BBVA bank's board of directors has confirmed to the media that the firm has expressed an interest in a 'possible fusion' with Banco Sabadell, and 'appointed advisors' on the matter.

Banco Sabadell absorbed the now-defunct and ailing CAM bank during the recession years, increasing its presence on the high street and placing it among the biggest names in the financial services industry.

Its share capital is currently valued at just over €236 billion, of which €185.2bn is held in Spain, according to Banco Sabadell's first-quarter results for 2024.

If the merger were to be accomplished, BBVA would be the dominant player, with nearly €802bn in capital worldwide, of which €452.2bn is based in Spain, the bank's most recent accounts reveal.

In total, the resulting mega-bank would hold a global share capital of €1,037bn and €637.5bn nationally.

The stock market value would reach around €73bn, putting the BBVA-Sabadell enterprise only a fraction behind Banco Santander, currently one of Spain's largest corporations.

This figure is nearly double that of the third-largest bank in Spain, CaixaBank, which has a stock market value of €37.5bn.

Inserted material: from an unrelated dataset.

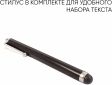 Обложка черного цвета от AIRON отлично сочетается с приятной на ощупь, невероятно легкой клавиатурой. Компактное дополнение прикреплено к аксессуару при помощи магнитов. Так что не будет соскальзывать и выпадать при работе. Клавиатура синхронизируется с планшетом при помощи функции Bluetooth. Компактный стилус позволит вам набирать текст на клавиатуре дисплея более комфортно. Его наконечник изготовлен из мягкого материала, так что царапины и повреждения будут не страшны дисплею.

Worldwide, BBVA has 5,912 branches, of which 1,881 are in Spain – fewer than half, compared with the much more nationally-based Banco Santander, which has 1,203 branches in Spain out of its global total of 1,414.

Following a merger, the resulting corporation would have 7,326 branches and 140,776 employees, of whom over 46,000 are in Spain.

 

Impact on staff

Many of these 140,776 employees will be feeling apprehensive about the results of merger negotiations, given that this type of operation usually leads to redundancies.

Whilst a number could be redeployed, and a deal may be struck with older workers allowing them to take early retirement, it is estimated that up to 4,000 jobs may disappear due to duplication – particularly in human resources, finances and treasury – and as a consequence of branch closure.

These predictions have been made by professor Ricardo Zion of the EAE Business School, based upon the result of CaixaBank's merger with the partially State-owned Bankia two years ago, when around 6,000 staff members were made redundant.